*Task goal*. Your reply should consist of the entries, copied exactly and stripped of images.

----

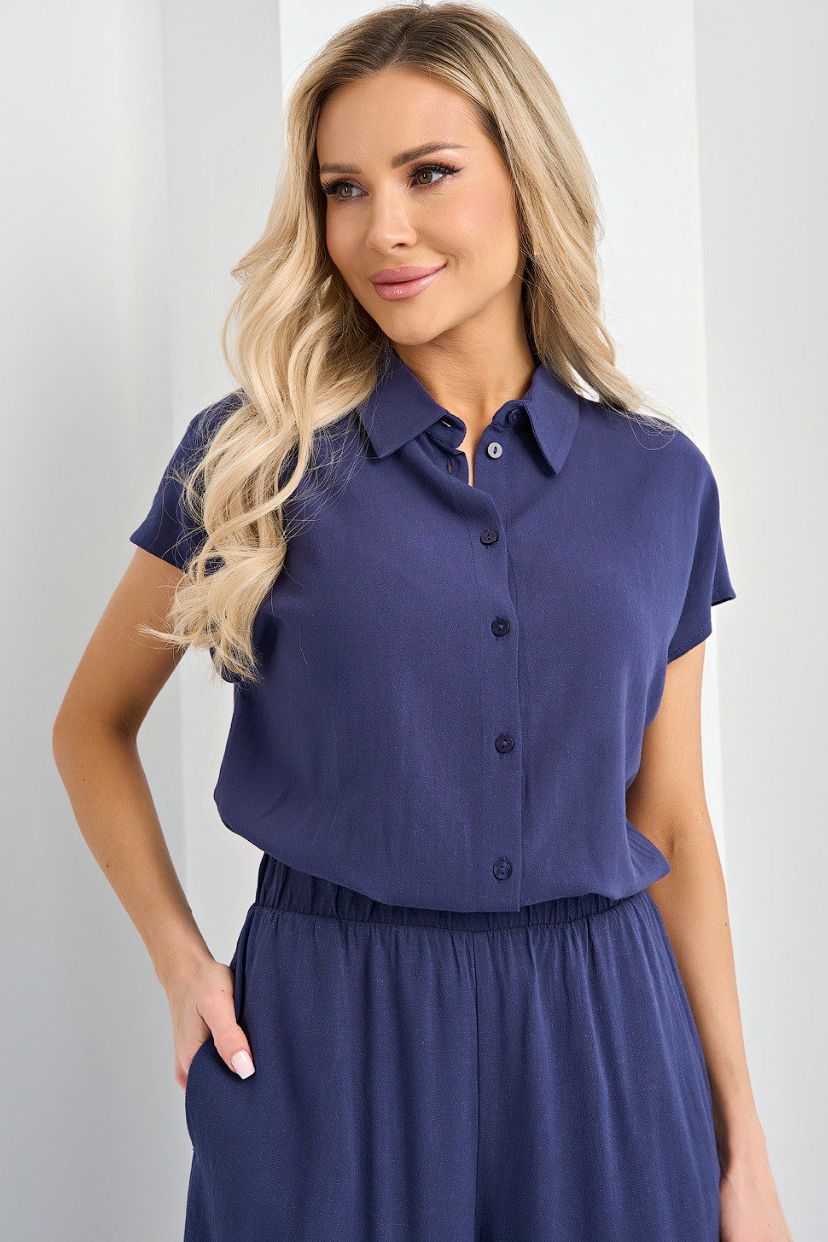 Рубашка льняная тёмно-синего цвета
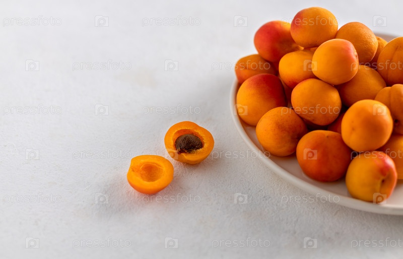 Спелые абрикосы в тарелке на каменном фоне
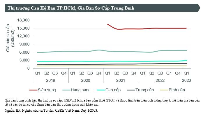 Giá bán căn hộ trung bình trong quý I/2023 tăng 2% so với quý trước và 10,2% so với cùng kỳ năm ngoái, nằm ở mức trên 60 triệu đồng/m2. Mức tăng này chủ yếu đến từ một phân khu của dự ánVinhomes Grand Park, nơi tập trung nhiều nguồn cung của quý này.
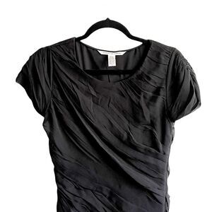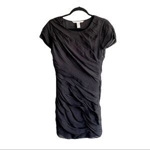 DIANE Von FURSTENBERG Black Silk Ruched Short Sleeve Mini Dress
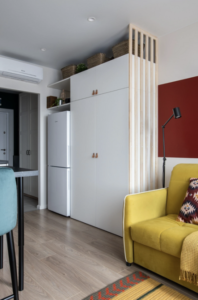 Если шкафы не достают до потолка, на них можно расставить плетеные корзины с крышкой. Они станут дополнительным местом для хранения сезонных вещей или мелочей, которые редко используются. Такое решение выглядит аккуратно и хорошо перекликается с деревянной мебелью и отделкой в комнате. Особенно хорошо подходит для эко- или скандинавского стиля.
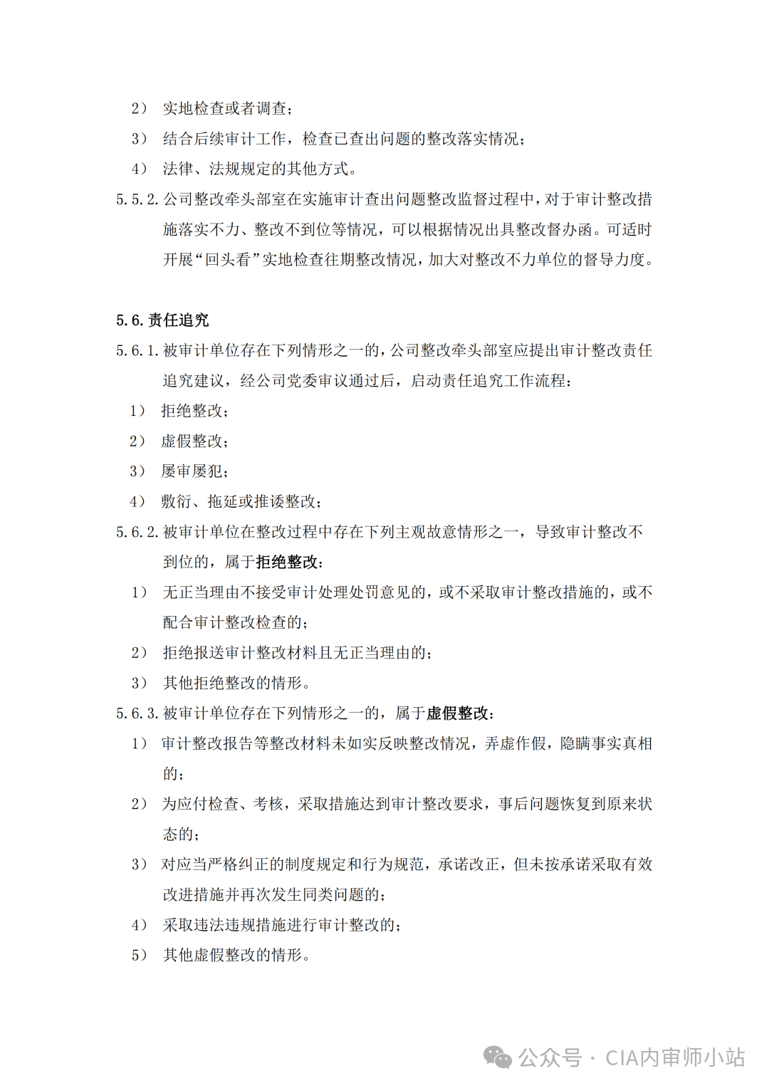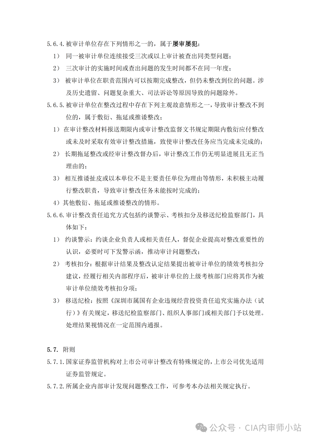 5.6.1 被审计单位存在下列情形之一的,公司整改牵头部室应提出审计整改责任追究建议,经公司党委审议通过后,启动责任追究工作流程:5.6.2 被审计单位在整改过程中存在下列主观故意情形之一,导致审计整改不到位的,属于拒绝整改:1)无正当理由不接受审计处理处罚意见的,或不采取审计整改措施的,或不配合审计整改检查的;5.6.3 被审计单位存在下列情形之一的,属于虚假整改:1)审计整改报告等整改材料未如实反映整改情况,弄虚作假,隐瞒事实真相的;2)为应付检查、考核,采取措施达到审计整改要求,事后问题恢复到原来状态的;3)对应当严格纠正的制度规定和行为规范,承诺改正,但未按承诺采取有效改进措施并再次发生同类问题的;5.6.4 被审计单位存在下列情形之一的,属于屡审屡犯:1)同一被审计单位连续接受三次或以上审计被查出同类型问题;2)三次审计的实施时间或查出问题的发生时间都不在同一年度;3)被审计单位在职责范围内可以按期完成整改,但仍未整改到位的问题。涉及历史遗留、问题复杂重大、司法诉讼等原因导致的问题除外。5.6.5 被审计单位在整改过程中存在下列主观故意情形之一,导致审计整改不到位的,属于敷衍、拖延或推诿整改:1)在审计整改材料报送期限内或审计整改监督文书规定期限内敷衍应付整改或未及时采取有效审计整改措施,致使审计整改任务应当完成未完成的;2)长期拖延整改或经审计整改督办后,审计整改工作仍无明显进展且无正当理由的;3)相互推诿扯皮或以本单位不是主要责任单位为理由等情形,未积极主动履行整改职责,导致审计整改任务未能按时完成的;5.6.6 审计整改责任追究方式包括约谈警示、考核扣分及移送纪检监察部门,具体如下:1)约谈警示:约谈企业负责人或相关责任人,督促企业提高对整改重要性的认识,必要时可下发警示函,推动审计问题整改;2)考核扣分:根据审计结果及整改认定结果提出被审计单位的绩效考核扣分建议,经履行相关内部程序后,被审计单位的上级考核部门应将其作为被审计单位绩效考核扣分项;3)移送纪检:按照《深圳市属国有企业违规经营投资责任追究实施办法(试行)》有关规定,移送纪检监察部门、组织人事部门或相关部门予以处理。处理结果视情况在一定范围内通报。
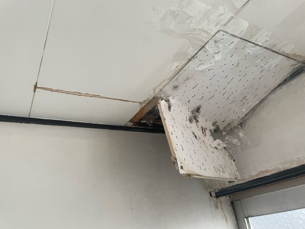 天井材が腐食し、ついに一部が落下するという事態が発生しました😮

----

*Solution for this exercise*.
 Рубашка льняная тёмно-синего цвета
 Спелые абрикосы в тарелке на каменном фоне
 Giá bán căn hộ trung bình trong quý I/2023 tăng 2% so với quý trước và 10,2% so với cùng kỳ năm ngoái, nằm ở mức trên 60 triệu đồng/m2. Mức tăng này chủ yếu đến từ một phân khu của dự ánVinhomes Grand Park, nơi tập trung nhiều nguồn cung của quý này.
 DIANE Von FURSTENBERG Black Silk Ruched Short Sleeve Mini Dress
 Если шкафы не достают до потолка, на них можно расставить плетеные корзины с крышкой. Они станут дополнительным местом для хранения сезонных вещей или мелочей, которые редко используются. Такое решение выглядит аккуратно и хорошо перекликается с деревянной мебелью и отделкой в комнате. Особенно хорошо подходит для эко- или скандинавского стиля.
 5.6.1 被审计单位存在下列情形之一的,公司整改牵头部室应提出审计整改责任追究建议,经公司党委审议通过后,启动责任追究工作流程:5.6.2 被审计单位在整改过程中存在下列主观故意情形之一,导致审计整改不到位的,属于拒绝整改:1)无正当理由不接受审计处理处罚意见的,或不采取审计整改措施的,或不配合审计整改检查的;5.6.3 被审计单位存在下列情形之一的,属于虚假整改:1)审计整改报告等整改材料未如实反映整改情况,弄虚作假,隐瞒事实真相的;2)为应付检查、考核,采取措施达到审计整改要求,事后问题恢复到原来状态的;3)对应当严格纠正的制度规定和行为规范,承诺改正,但未按承诺采取有效改进措施并再次发生同类问题的;5.6.4 被审计单位存在下列情形之一的,属于屡审屡犯:1)同一被审计单位连续接受三次或以上审计被查出同类型问题;2)三次审计的实施时间或查出问题的发生时间都不在同一年度;3)被审计单位在职责范围内可以按期完成整改,但仍未整改到位的问题。涉及历史遗留、问题复杂重大、司法诉讼等原因导致的问题除外。5.6.5 被审计单位在整改过程中存在下列主观故意情形之一,导致审计整改不到位的,属于敷衍、拖延或推诿整改:1)在审计整改材料报送期限内或审计整改监督文书规定期限内敷衍应付整改或未及时采取有效审计整改措施,致使审计整改任务应当完成未完成的;2)长期拖延整改或经审计整改督办后,审计整改工作仍无明显进展且无正当理由的;3)相互推诿扯皮或以本单位不是主要责任单位为理由等情形,未积极主动履行整改职责,导致审计整改任务未能按时完成的;5.6.6 审计整改责任追究方式包括约谈警示、考核扣分及移送纪检监察部门,具体如下:1)约谈警示:约谈企业负责人或相关责任人,督促企业提高对整改重要性的认识,必要时可下发警示函,推动审计问题整改;2)考核扣分:根据审计结果及整改认定结果提出被审计单位的绩效考核扣分建议,经履行相关内部程序后,被审计单位的上级考核部门应将其作为被审计单位绩效考核扣分项;3)移送纪检:按照《深圳市属国有企业违规经营投资责任追究实施办法(试行)》有关规定,移送纪检监察部门、组织人事部门或相关部门予以处理。处理结果视情况在一定范围内通报。
 天井材が腐食し、ついに一部が落下するという事態が発生しました😮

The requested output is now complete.